Your wouldn't know it from the television coverage but the deal done for Kiwis in Australia by Prime Ministers John Key and Malcolm Turnbull last weekend was quite a breakthrough.
For the first time, we have a formal agreement giving New Zealanders an exclusive door to Australian citizenship. If that doesn't sound remarkable, it is because we have lived under the delusion that we have always had it, and for a long time we probably did in a de facto sense. We were two white colonies in a remote corner of the world and we could live and work on either side of the Tasman without permits, let alone changing citizenship.
But in the last quarter of last century, immigration policy practically everywhere changed from essentially racial selection to wealth or skills in short supply. By the turn of the century Australians were complaining that migrants were using New Zealand as a back door to Australia and that too many Kiwis were on welfare over there. In 2001, the Howard Government restricted benefits for non-citizens and our governments have been arguing a case for Oz Kiwis ever since.
Many here have said, "Why don't they simply become citizens?" It has not been that simple. Until last weekend they had to meet the same criteria as applicants from anywhere else in the world. Now they don't.
Yet all we saw on OneNews last weekend was an ungrateful sod grizzling that the deal would do nothing for most Kiwis there because the path to citizenship was available only to those earning above Australia's median wage. The good news, he said, was just "spin".
His admission that as many as two thirds of our expatriates are earning less than the median wage (currently A$53,900) told me I have indeed been a victim of "spin" and it has not come from a government.
For years we have been reading that Kiwis have been paying their way in Australia, working hard, paying taxes and contributing fully to the country that denies them the rights of full citizens. It has often been stated by their lobbyists that Kiwis have a higher employment rate than the rest of the population, and even that they earn more on average than Australian-born workers.
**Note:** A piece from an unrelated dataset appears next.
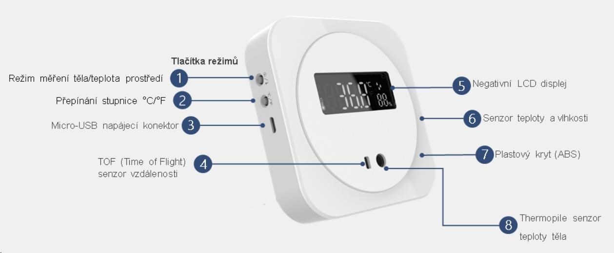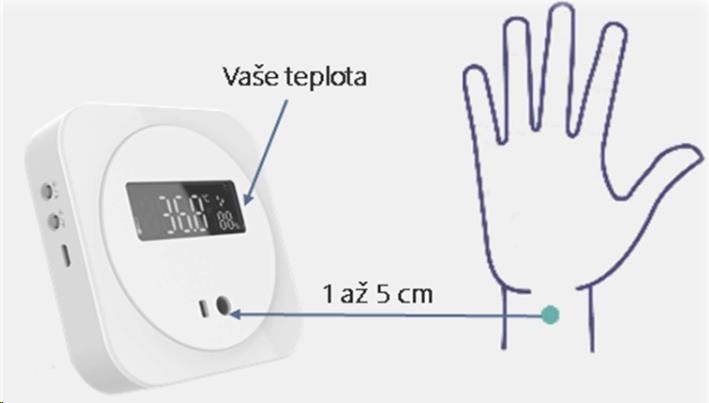OHE-TWP02-D je veľmi jednoduché zariadenie, ktoré sa používa na rýchle orientačné meranie teploty na zápästí. Terminál je možné prevádzkovať v troch rôznych režimoch prevádzky - Automatický - Režim merania teploty a vlhkosti prostredia - Režim merania telesnej teploty. Terminál má dva snímače teploty a jeden snímač vlhkosti na zabezpečenie správnej funkčnosti. Ak je zvolený automatický režim, terminál sa okamžite prepne, ak sa vyžaduje meranie telesnej teploty na základe integrovaného snímača ToF (Time of Flight). Senzor ToF detekuje spektrum infračerveného žiarenia vyžarovaného z povrchu ľudského tela. OHE-TWP02-D-S31 je určený pre vnútorné aplikácie s nízkym počtom osôb, ako sú obce, kancelárie, domácnosti atď. Môže sa prevádzkovať len vo vnútornom tepelne a emisne stabilnom prostredí mimo prievanu a poveternostných podmienok. Nie je určený na meranie osôb bezprostredne po príchode z vonkajších priestorov (z veľmi chladných alebo teplých oblastí). V prípade príchodu z vonkajších priestorov sa odporúča počkať 1 minútu v miestnosti s terminálom, aby sa stabilizovala teplota povrchu tela. Zariadenie nemá pravidelnú automatickú rekalibráciu snímača s okolitým prostredím. Preto nemôže nahradiť profesionálne vstupné systémy s meraním teploty. Zariadenie sa dodáva bez napájania USB, iba s napájacím káblom microUSB-USB...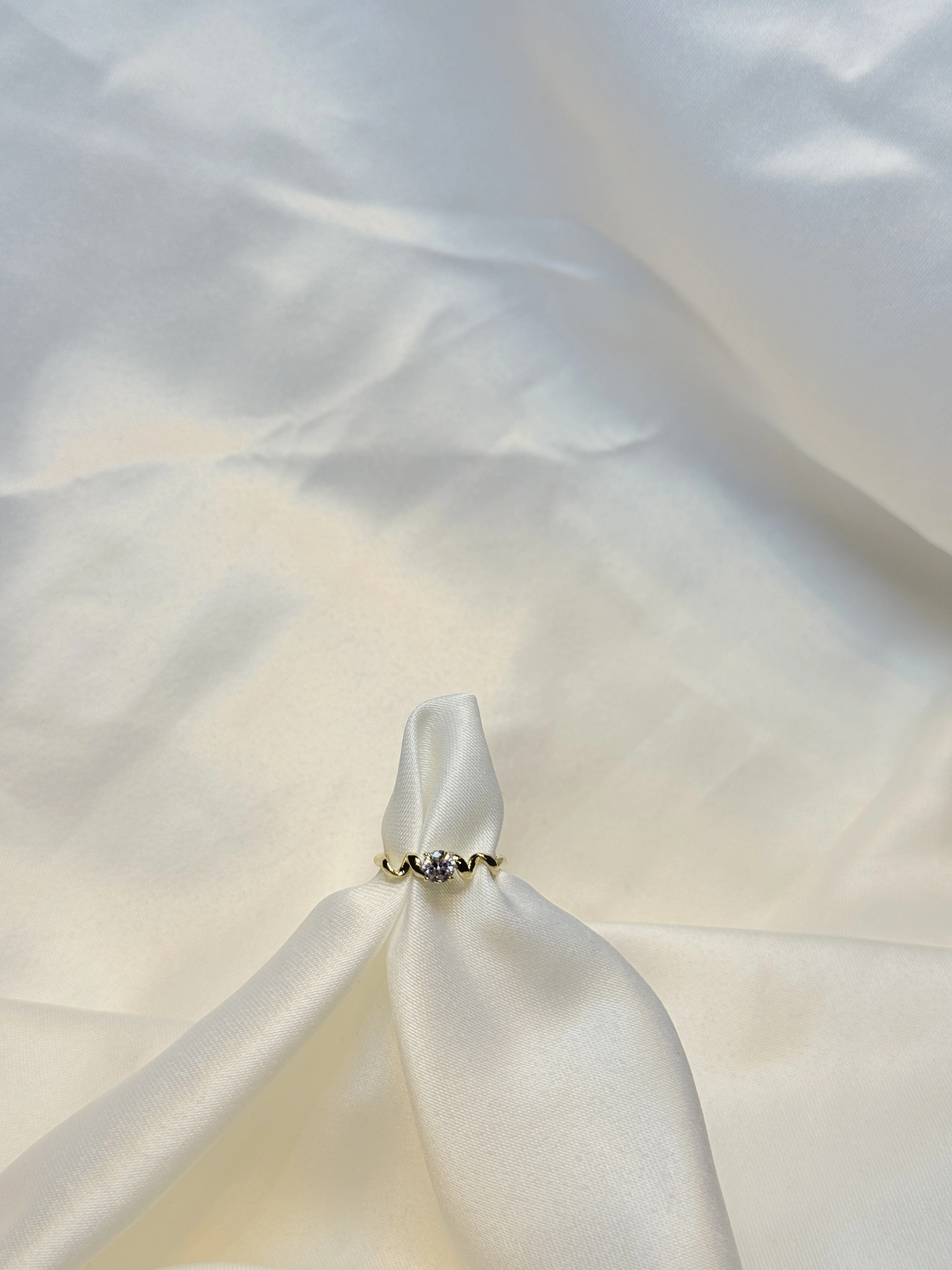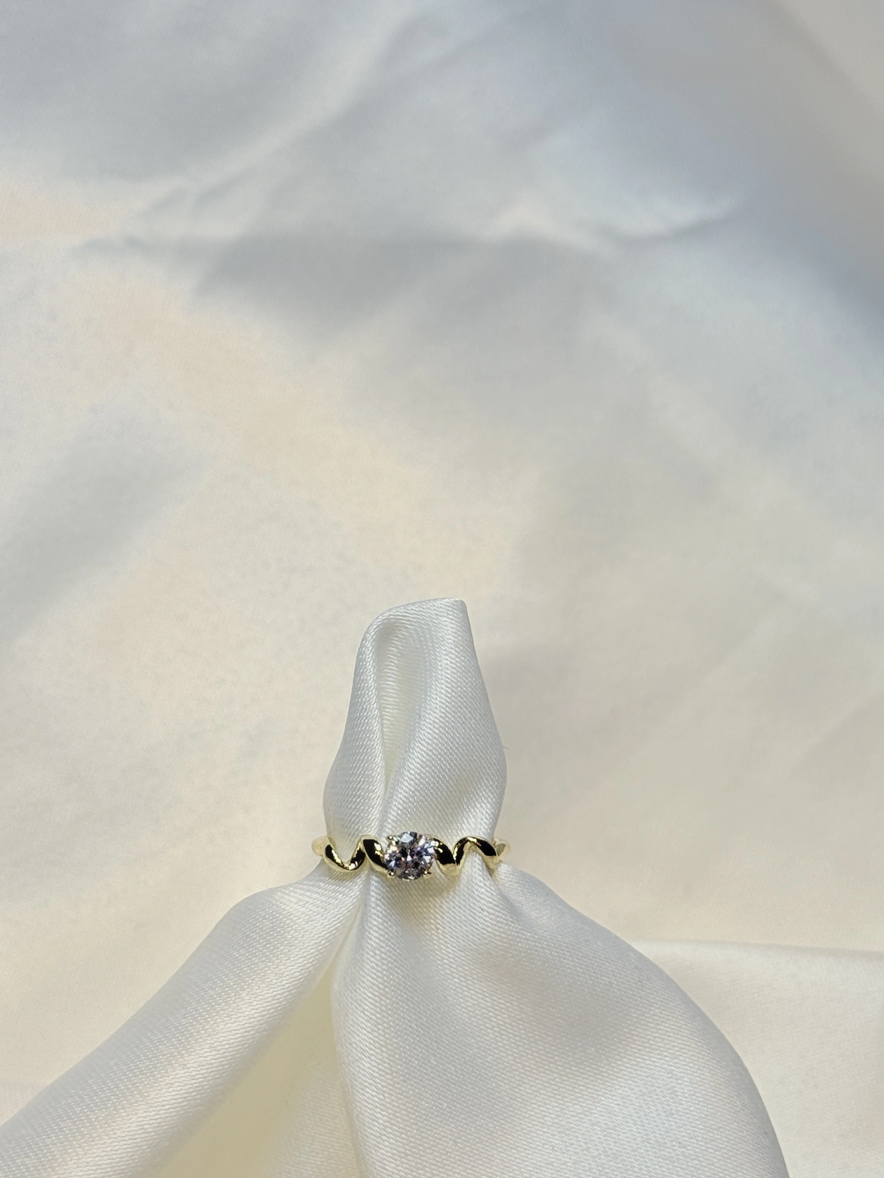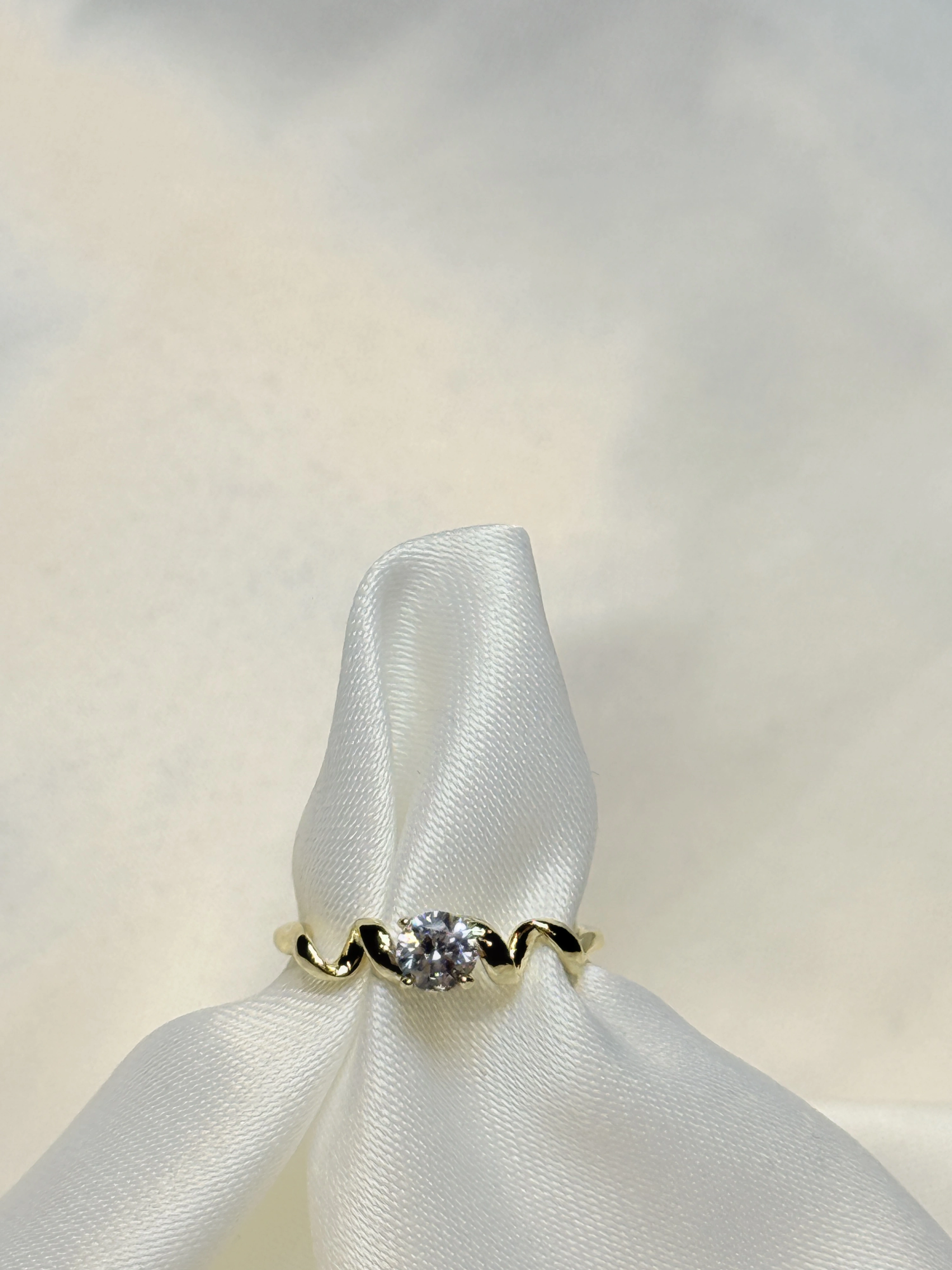Gold Rengi Zigzag Desenli Tek Taş XP Kadın Yüzük

Like all spin, these statements can conceal more than they reveal. It turns out they have a higher employment rate because the Kiwi community is disproportionately young adults, though I still can't explain the claim of higher average earnings now that it turns out two thirds, maybe more, are in the lower half of Australia's wage earners.
For years we have been reading that Kiwis have been paying their way in Australia, working hard, paying taxes and contributing fully ...
They are said to be working in trades, retail, hospitality and the like. They are probably itinerant young bartenders, builders and cafe staff enjoying the big cities and warmer climate, and good for them. But they are mobile and if they need welfare the can come home.
I thought we were sending successive governments into bat for established families whose children were growing up in Australia and that the breadwinners were earning enough to be net taxpayers, covering the health and tertiary education benefits they were being denied.
That would have been the argument Key has made to Kevin Rudd, Julia Gillard, Tony Abbott and now Turnbull, and Helen Clark made to John Howard before him. Key has had some success at last with a fellow former currency dealer.
Turnbull obviously was persuaded to establish a special citizenship status for Kiwis but insisted it should be available only to those whose taxes would cover the cost of their benefits. He also wanted them to have an earnings record above the median wage for the past five years, and citizenship on those terms would be available only to Kiwis already in Australia on the date of the agreement.
Key accepted that because it would take Australia some time to deal with possibly 100,000 qualifying applicants already there and anyway, no new arrivals would qualify until they had been there at least five years. He is hopeful the same deal might be done for them when the time arrives.
As he has said publicly, and no doubt put to Turnbull, the problems created by Kiwis' peculiar position in Australia are only going to get greater as time goes on.
In these circumstances it is a marvel really that we can retain our "special relationship" as far as we have. It must be tempting for Australians to say, "It's an anomaly of history that has had its day. To hell with it. Kiwis can apply to live and work here like everybody else."
But like us with the Polynesian islands, Australia must value the connection. The deal done last weekend was reasonable, balanced and sets a valuable precedent. It is the basis for a new, permanent, transtasman citizenship.